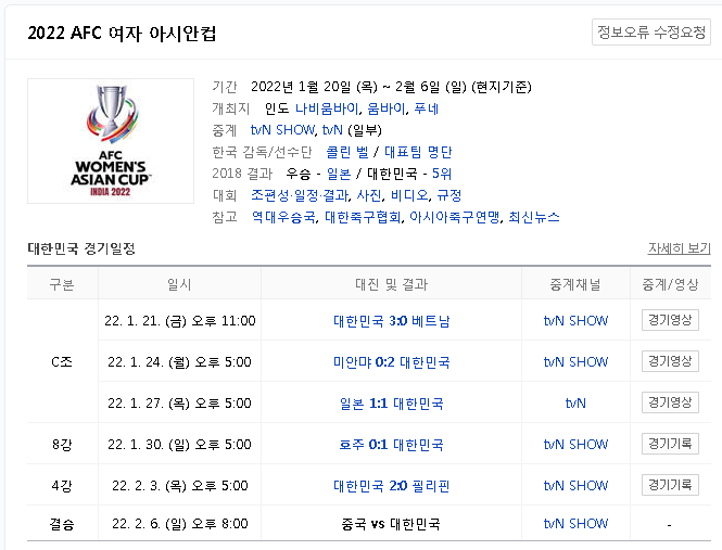 아시안컵 결승 한국 vs 중국 실시간 중계
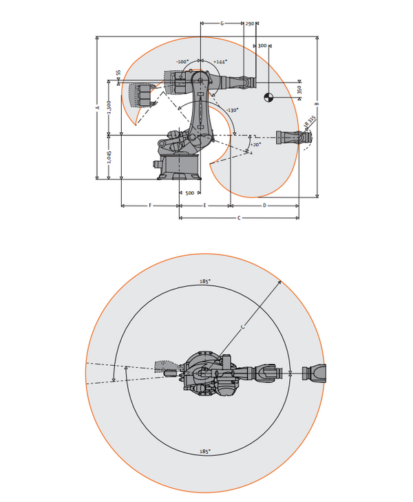 的基米-雷克南500年R2830年太(机器工具)机器人变体是用于重型铣削应用程序;它可以用作机床集成铣刀轴。它有一个500年公斤有效载荷和2826年毫米范围。
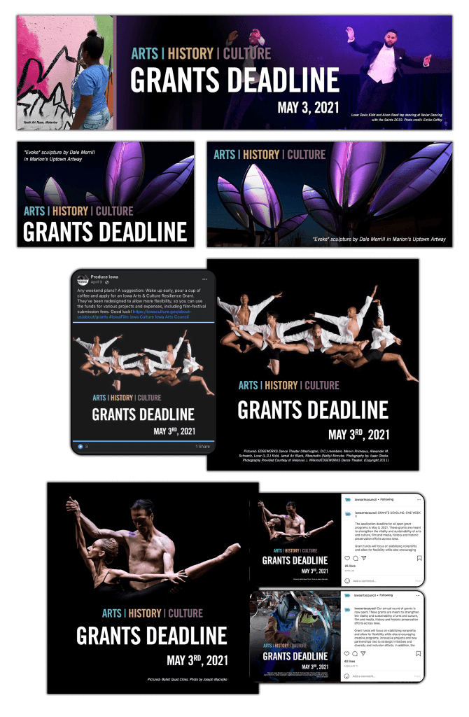 The grants are intended to support ongoing cultural projects, preserve jobs, and keep the doors open at thousands of cultural organizations that boost the economy and creative life of communities were promoted via social, blasts, and the website.
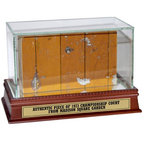 Authentic Piece of 1973 MSG Court w/ Glass Display Case & Engraved Gold plate
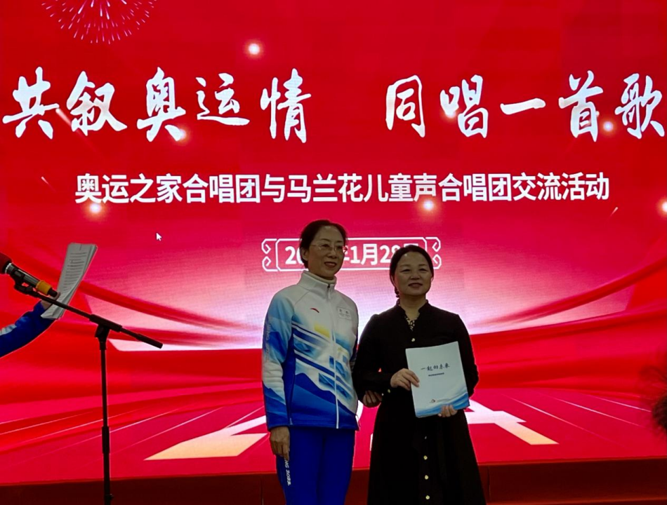 (奥运之家合唱团向马兰花合唱团赠送奥运歌曲曲谱)
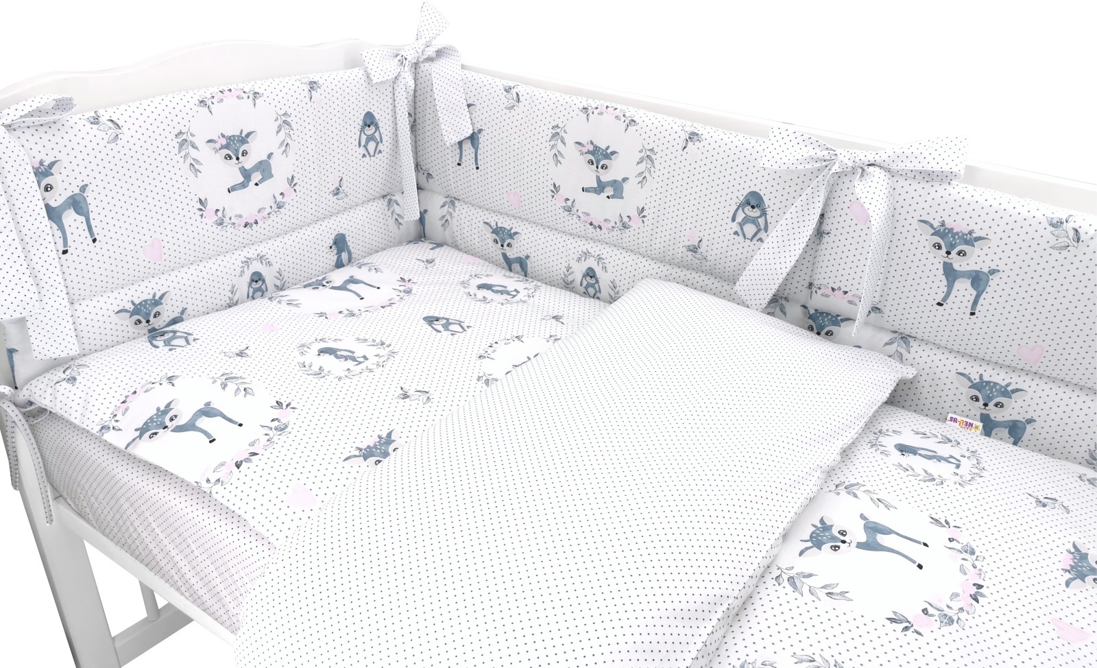 Materiál:Povlečení - 100% bavlna.Mantinel: Svrchní část 100% bavlna, výplň duté vlákno - hypoalergenní.I. Jakost.Sada obsahuje:Rovný mantinel cca 30x180cm.Povlak na peřinku: cca 120x90 cm, 135x100 - dle výběru.Povlak na polštářek: cca 40x60cm.Zapínání povlečení:Bezpečné, není na knoflíčky ale na...

______________________________

**Brief**
Write back the stretch of lines above that begins with the line holding "Authentic Piece of" and ends with the line holding "(奥运之家合唱团向马兰花合唱团赠送奥运歌曲曲谱)", both included, exactly as written. Pictures stay out.

**Answer to the problem**
 Authentic Piece of 1973 MSG Court w/ Glass Display Case & Engraved Gold plate
 (奥运之家合唱团向马兰花合唱团赠送奥运歌曲曲谱)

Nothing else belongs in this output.